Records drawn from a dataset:
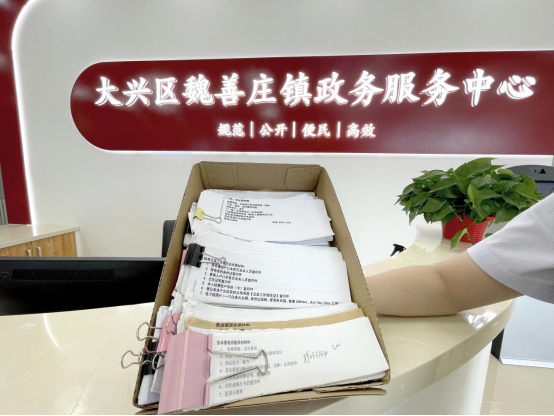 新迁建的魏善庄镇政务服务中心位于龙善大街,地处魏善庄镇核心区北部,临近周边居民社区。在服务中心大厅,每个综合窗口都有服务评价系统,工作人员还为村民准备了“一次性告知单”,明确标注不同事项所需的材料。“如果有听障村民前来办事,大厅配备了设备,可连线专业手语老师进行翻译,协助其办理事务,另外还有无障碍洗手间、母婴室、雨伞等为需要的村民提供服务。”魏善庄政务服务中心运营工作人员介绍。
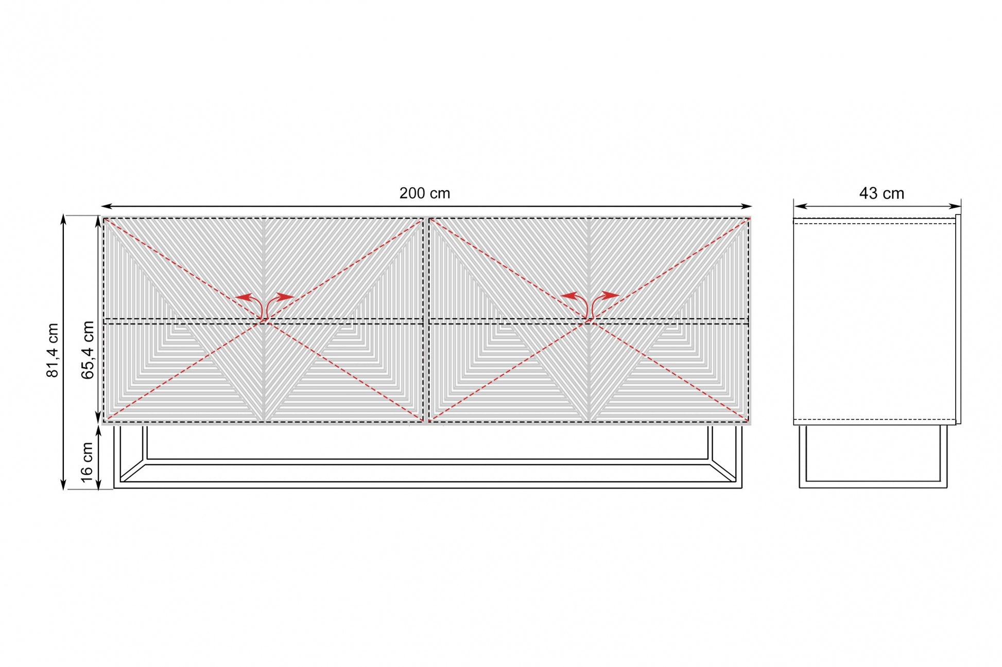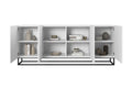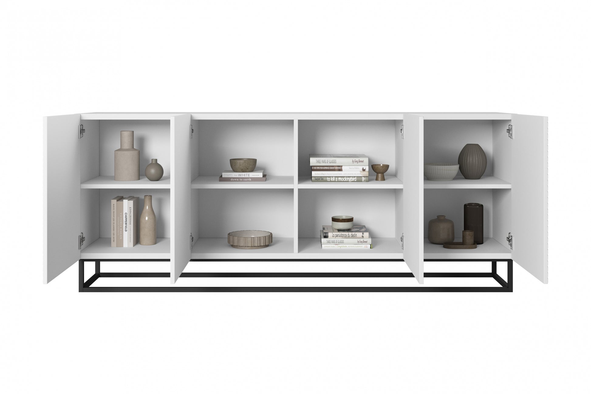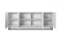 Asha ladekast 200 cm – Vierdeurs greeploos met zwart frame | Wit mat | 200x81x43 cm
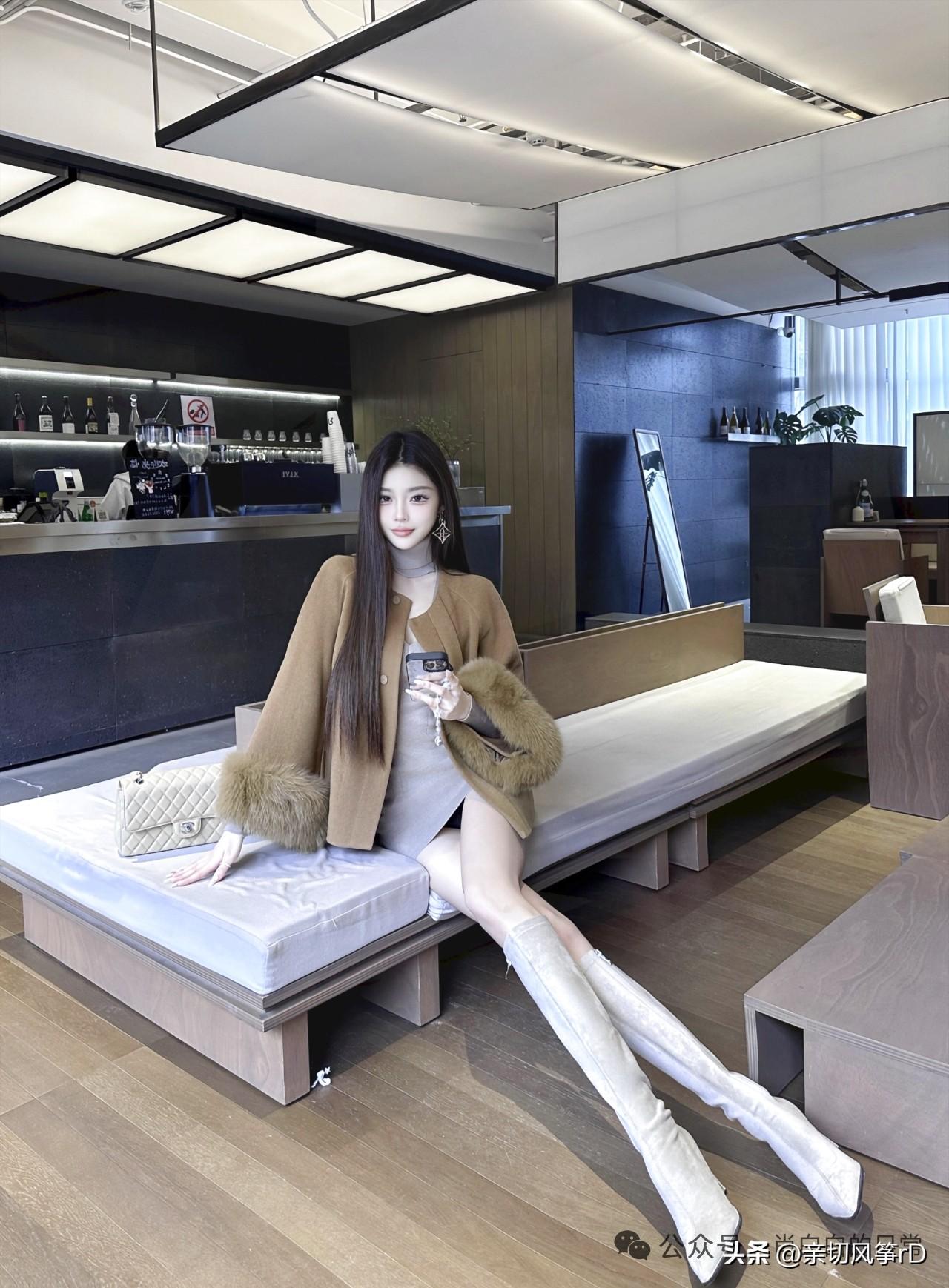 时尚穿搭指南:优雅咖啡馆里的时尚女郎
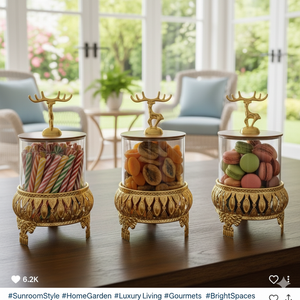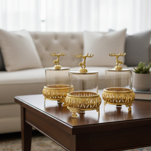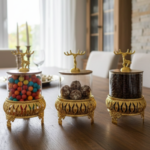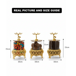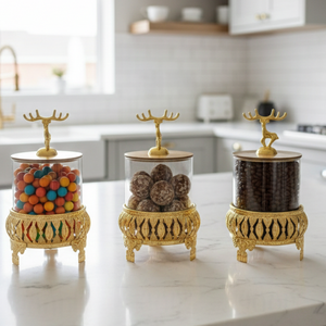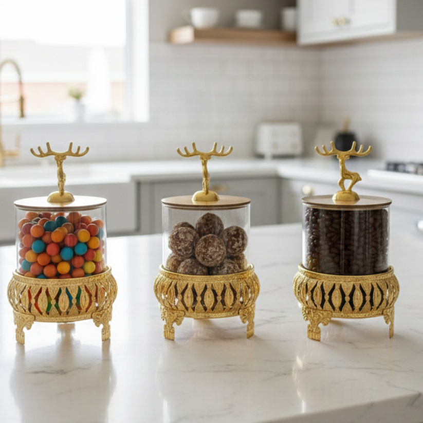 Add refined elegance to your kitchen or dining space with the Royal 3-Pcs Golden Base TintedGlass Jars with Lid (1129). Designed with a luxurious golden base and decorative deer-inspired lids, this premium jar set blends functionality with statement décor. Each jar offers generous storage for dry foods while keeping contents visible and fresh. Perfect for countertops, pantries, or stylish gifting, this set elevates everyday storage with a sophisticated touch.
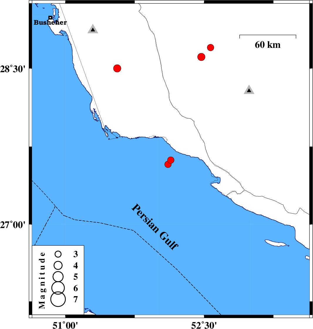 | 2013/06/14 | 21:52:23.7 | 02:22:23.7 | 27.58 | 52.11 | 15 | ML:3.3 | Persian Gulf, 28 km South of Bandar-e kangan | ||
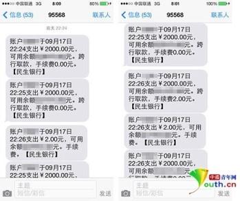 中國青年網(wǎng)北京9月19日電(見習記者 吳陽) 9月17日晚,家住北京市昌平區(qū)的趙先生正準備休息,突然收到一條短信:“賬戶****,于9月17日22:24分轉(zhuǎn)出2000元,余額……,跨行轉(zhuǎn)款。”趙先生心中一驚,自己的銀行卡正在往外轉(zhuǎn)錢,而這張銀行卡就在自己手上!趙先生隨即報警,并撥通了民生銀行的客服電話,進行掛失。
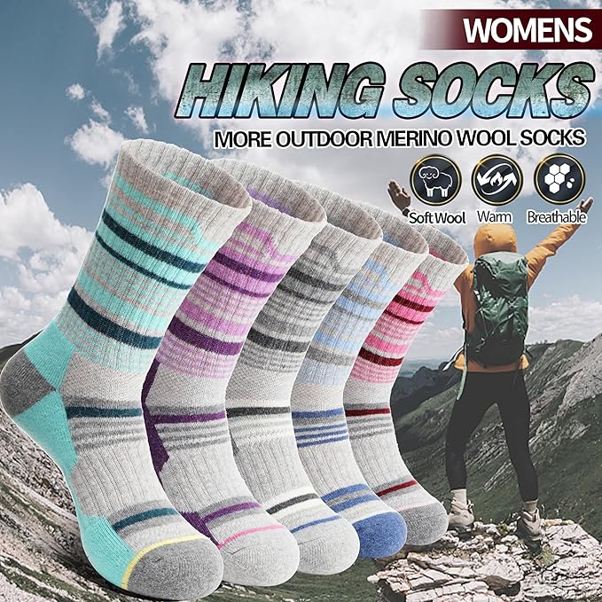 - Package and Size:Here are 5 pairs merino wool hiking socks for women. And here are 2 sizes as options, M (suitable for US women's shoe size 5.5-10) & L (suitable for US women's shoe size 10-13).The value package with fashion colors are most women’s favorite.
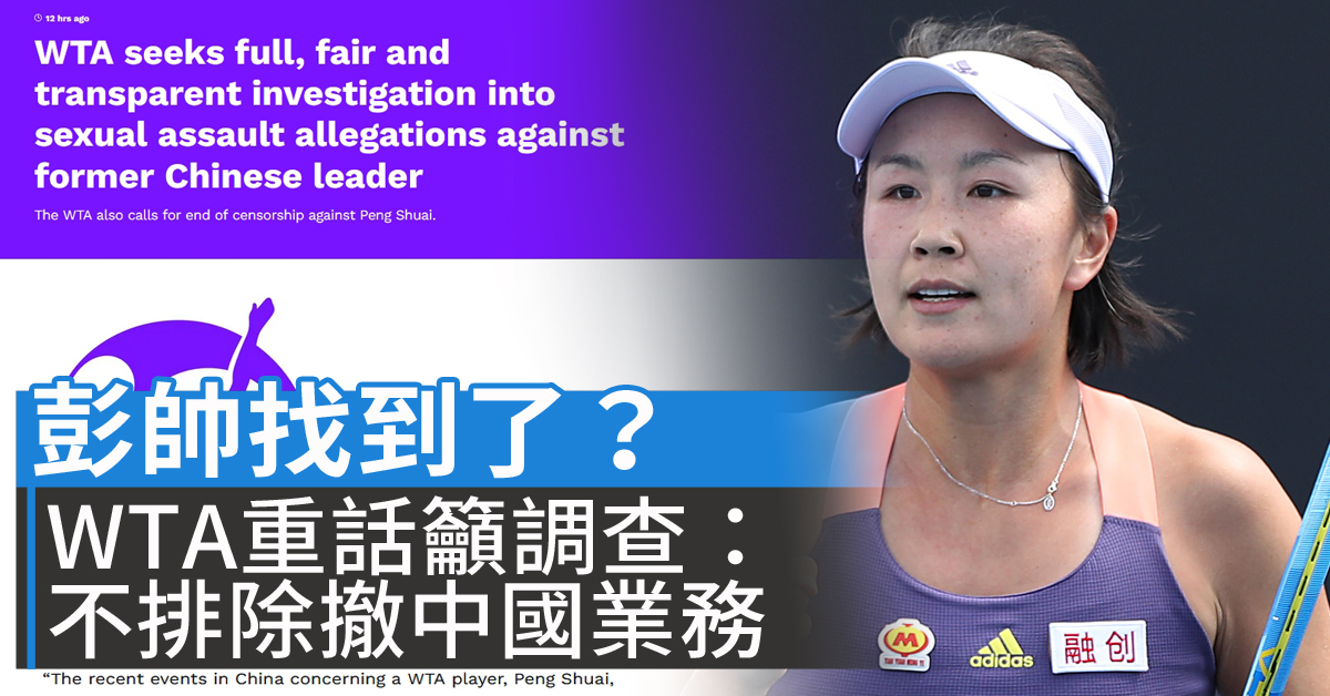 彭帥找到了?WTA重話籲調查:不排除撤中國業務
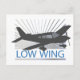 Classic vintage style aeroplane graphic - Low Wing Aircraft - makes great gifts for student pilots, flight instructors, private pilots, air craft owners and all who love aviation. Low wing aircraft are planes with the wing mounted below the main fuselage of the aircraft. The other wing mount option is a high wing where the wing crosses the fuselage at the top. In general aviation, both aircraft styles are in widespread use. For a private pilot, the choice of low wing or high wing is primarily personal preference. Aerodynamically, there is not much difference between the two wing locations.
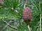 New cone of the Japanese larch, Larix kaempferi, early July, with typical outward turning tips of the scales.
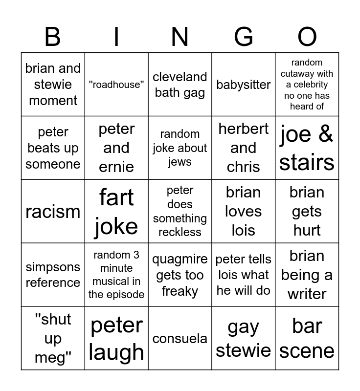 This bingo card has a free space and 24 words: random 3 minute musical in the episode, peter laugh, random joke about jews, ''shut up meg'', random cutaway with a celebrity no one has heard of, brian and stewie moment, peter beats up someone, ''roadhouse'', brian loves lois, quagmire gets too freaky, herbert and chris, racism, peter tells lois what he will do, brian being a writer, peter and ernie, gay stewie, brian gets hurt, cleveland bath gag, joe & stairs, fart joke, bar scene, simpsons reference, babysitter and consuela.
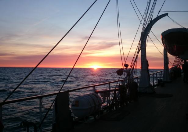 To był naprawdę bardzo udany rejs. Zaokrętowali na "Dar" w Gdyni , ale zanim wypłynęli, przez 2 dni "na sucho" przechodzili obowiązkowe intensywne szkolenia, niezbędne do uzyskania podstawowych certyfikatów morskich wymaganych Konwencją STCW. Na pływalni, basenie żeglarskim i poligonie ppoż Akademii Morskiej.
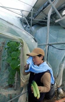100년만의 3월폭설로 충남 공주시 우성면 옥성리 비닐하우스가 쑥대밭이 되자 한 농민이 출하를 앞둔 오이를들고 망연자실한 표정을 짓고있다. 서울신문 포토라이브러리 |
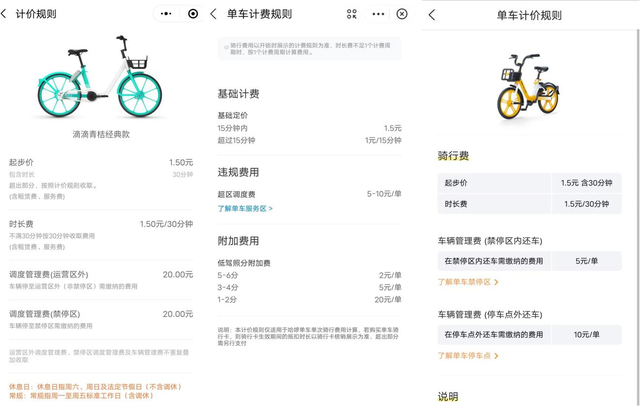 哈啰单车网站目前显示,其基础定价为“1.5元(15分钟以内)+1元/15分钟(超过15分钟时)”;美团单车为“起步价1.5元/30分钟(起步价)+1.5元/30分钟(时长费)”;滴滴青桔与美团单车基本一致。按此计算,若用户骑行时间为1小时,哈啰单车需人民币4.5元,美团单车和滴滴青桔需3元。

What is needed -
Could you write out again, exactly, the lines from the line containing "To był naprawdę" through the last line of the records above? Leave out the pictures.

Expected output -
 To był naprawdę bardzo udany rejs. Zaokrętowali na "Dar" w Gdyni , ale zanim wypłynęli, przez 2 dni "na sucho" przechodzili obowiązkowe intensywne szkolenia, niezbędne do uzyskania podstawowych certyfikatów morskich wymaganych Konwencją STCW. Na pływalni, basenie żeglarskim i poligonie ppoż Akademii Morskiej.
100년만의 3월폭설로 충남 공주시 우성면 옥성리 비닐하우스가 쑥대밭이 되자 한 농민이 출하를 앞둔 오이를들고 망연자실한 표정을 짓고있다. 서울신문 포토라이브러리 |
 哈啰单车网站目前显示,其基础定价为“1.5元(15分钟以内)+1元/15分钟(超过15分钟时)”;美团单车为“起步价1.5元/30分钟(起步价)+1.5元/30分钟(时长费)”;滴滴青桔与美团单车基本一致。按此计算,若用户骑行时间为1小时,哈啰单车需人民币4.5元,美团单车和滴滴青桔需3元。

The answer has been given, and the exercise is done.